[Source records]
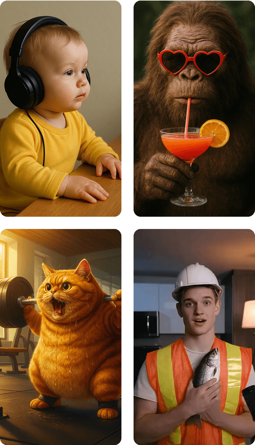 From your own IP to viral AI Bigfoot, just describe your character or upload an image to custom your own actor.
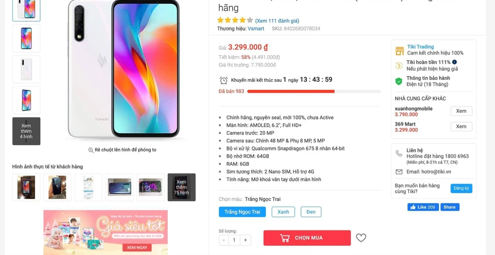 Anh Minh Long (quận Tân Phú) chia sẻ trong lúc chọn mua điện thoại trên một sàn TMĐT có tiếng, điện thoại Vsmart Live được giới thiệu là giảm 58% so với giá thị trường, từ 7,790 triệu đồng còn 3,299 triệu đồng. Theo anh Long, thực tế giá thị trường của hãng này chỉ từ 3,4 triệu đồng. Tức cao hơn mức giảm khủng 58% hơn 100.000 đồng.
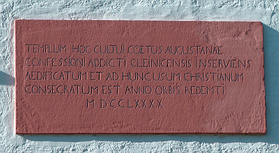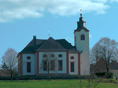 Frühklassizistischer Zentralbau, 1789–90, herzoglich zweibrückischer Baumeister Friedrich Gerhard Wahl, Turm im Kern frühromanisch. [1]
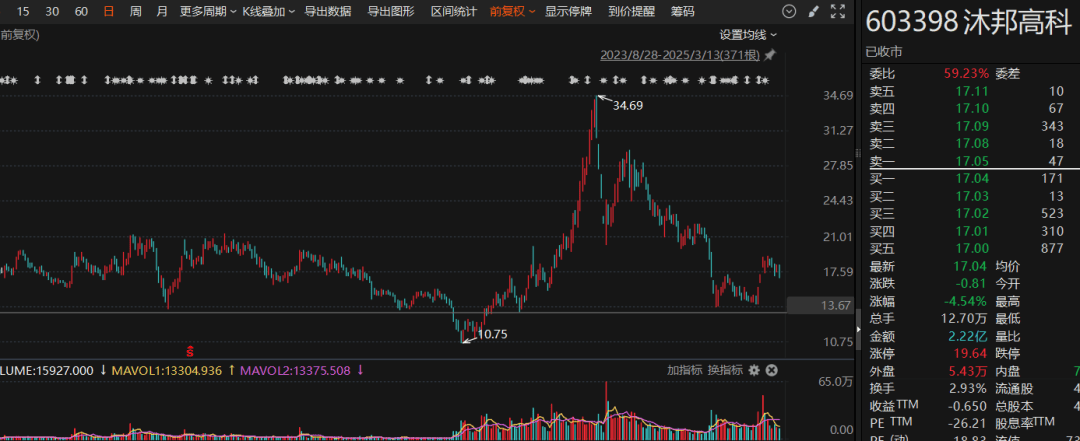 但是,沐邦高科的股价,却正是在修订以前的虚假业绩支撑下,从2024年8月15日的10.75元,在短短三个月中上涨至11月14日的34.69元,翻了两倍多。而期间的2024年8月27日,正是沐邦高科14亿定增解禁的时间点!
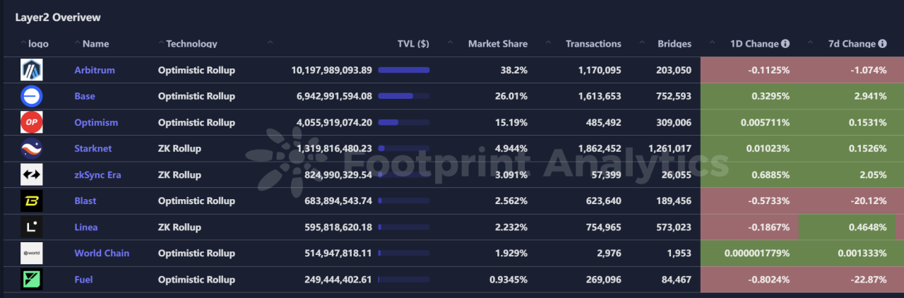 Arbitrum的领先地位:Arbitrum通过Nitro升级,实现了与以太坊虚拟机(EVM)的全面兼容,使得从以太坊迁移至Layer 2的智能合约过程变得极为简便,几乎无需任何调整。这使得Arbitrum在以太坊Layer 2领域保持领先地位。

→ **AIM OF THE TASK**: Without the pictures, give back every record precisely as shown.

→ **RESPONSE AREA**:
 From your own IP to viral AI Bigfoot, just describe your character or upload an image to custom your own actor.
 Anh Minh Long (quận Tân Phú) chia sẻ trong lúc chọn mua điện thoại trên một sàn TMĐT có tiếng, điện thoại Vsmart Live được giới thiệu là giảm 58% so với giá thị trường, từ 7,790 triệu đồng còn 3,299 triệu đồng. Theo anh Long, thực tế giá thị trường của hãng này chỉ từ 3,4 triệu đồng. Tức cao hơn mức giảm khủng 58% hơn 100.000 đồng.
 Frühklassizistischer Zentralbau, 1789–90, herzoglich zweibrückischer Baumeister Friedrich Gerhard Wahl, Turm im Kern frühromanisch. [1]
 但是,沐邦高科的股价,却正是在修订以前的虚假业绩支撑下,从2024年8月15日的10.75元,在短短三个月中上涨至11月14日的34.69元,翻了两倍多。而期间的2024年8月27日,正是沐邦高科14亿定增解禁的时间点!
 Arbitrum的领先地位:Arbitrum通过Nitro升级,实现了与以太坊虚拟机(EVM)的全面兼容,使得从以太坊迁移至Layer 2的智能合约过程变得极为简便,几乎无需任何调整。这使得Arbitrum在以太坊Layer 2领域保持领先地位。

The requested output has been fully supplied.